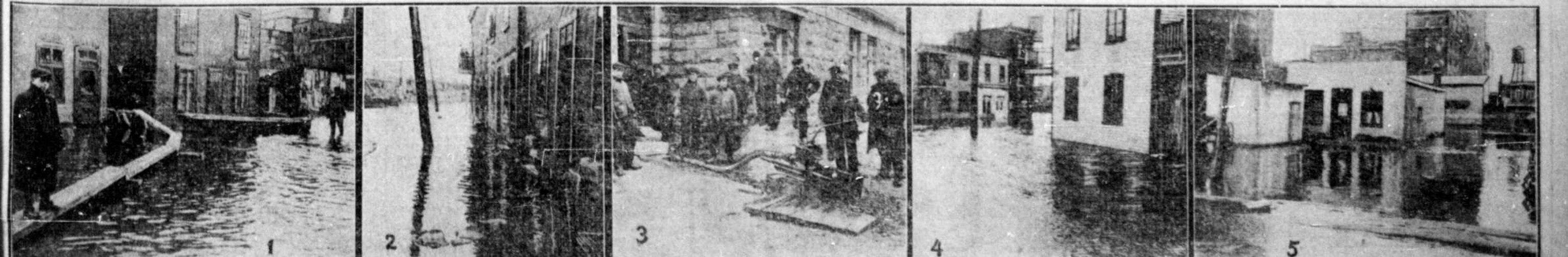
INONDATION A SAINT-HENRI ET A L'EGLISE SAINTE-CLOTILDE. — Au premier endroit les demeures d'une trentaine de familles ont été envahies par la rivière Saint-Pierre qui a débordé samedi. Ce sont les citoyens de la rue Sainte-Emilie qui ont le plus souffert. — 1. Un bataillon improvisé attend ses services au Turcot, au pied de la rue Saint-Remy; 2. L'eau dans la rue Sainte-Emilie attend le rez-de-chaussée des maisons; 3. Les employés de la voirie pompent l'eau qui a envahi l'église Sainte-Clotilde; 4. L'aspect que présentent les lieux inondés à l'angle des rues Sainte-Emilie et Saint-Remy; 5. Vue générale de l'inondation prise de la rue Saint-Pierre.

Hull, 17. — Les difficultés entre la ville de Hull et l'avocat McConnell ayant été réglées à l'amiable, ce dernier a retiré les procédures pour faire saisir l'hôtel de ville, et les autres propriétés de la ville.
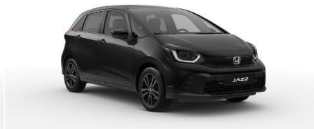
Črna Crystal – biserna (NH-731P)
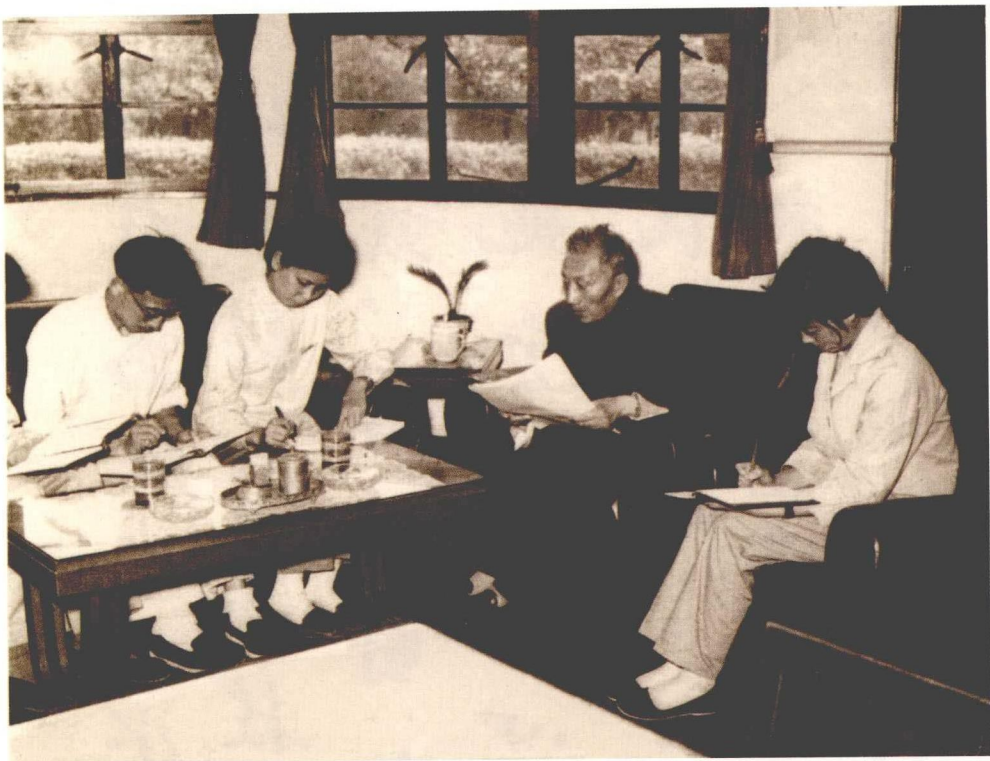
陈望道在复旦大学语言研究室与青年教师在一起
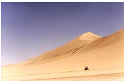
Dunas de Ica: El mejor lugar para la práctica del sandbord
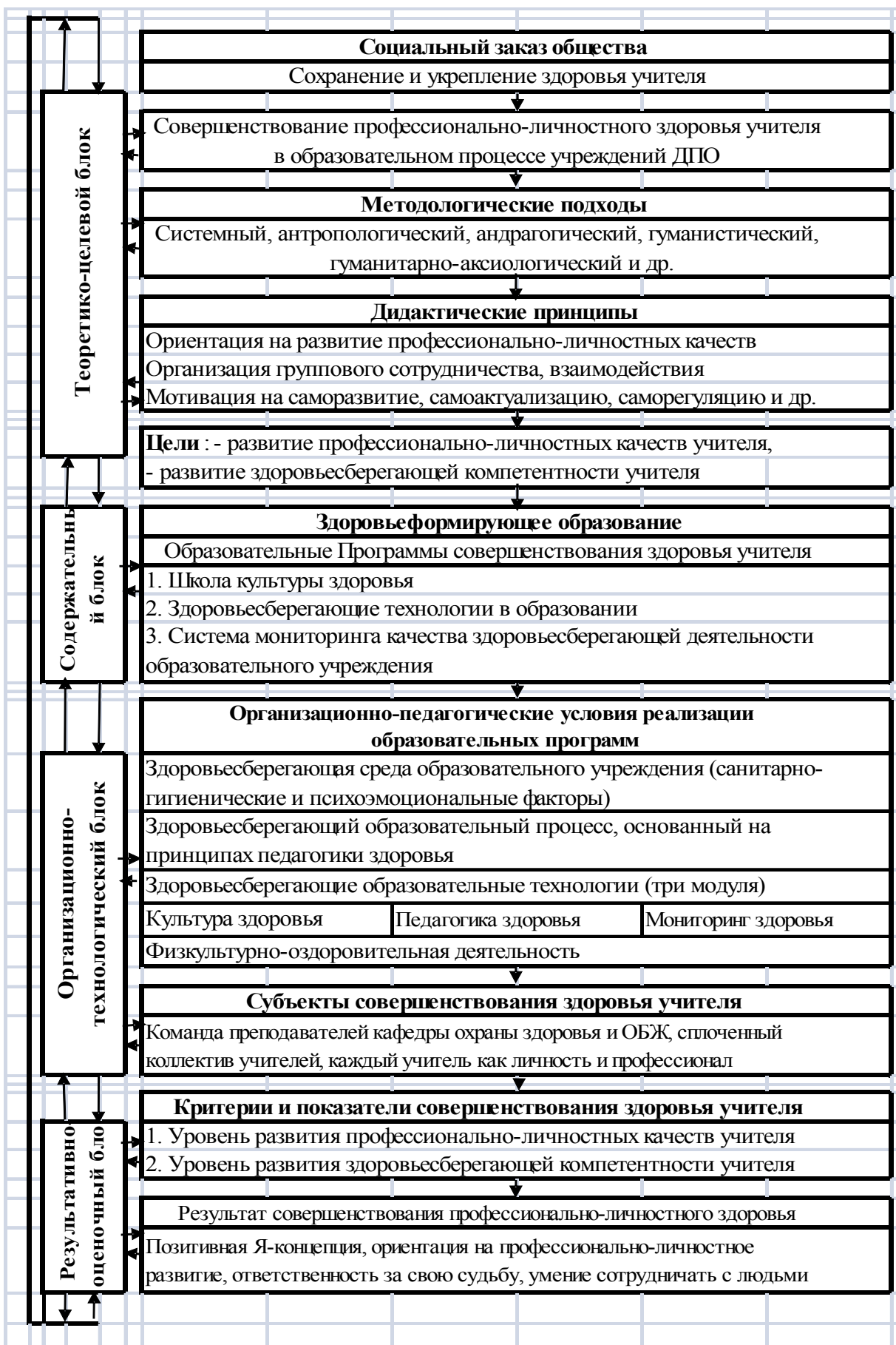
Рис. 1 Педагогическая модель совершенствования профессионально-личностного здоровья учителя в образовательном процессе учреждений ДПО

• • • • •

— Task to carry out —
Counting the line with "陈望道在复旦大学语言研究室与青年教师在一起" and the last line of the data above, transcribe those two lines and every line between them exactly, without the pictures.

— Solution to this exercise —
陈望道在复旦大学语言研究室与青年教师在一起
Dunas de Ica: El mejor lugar para la práctica del sandbord
Рис. 1 Педагогическая модель совершенствования профессионально-личностного здоровья учителя в образовательном процессе учреждений ДПО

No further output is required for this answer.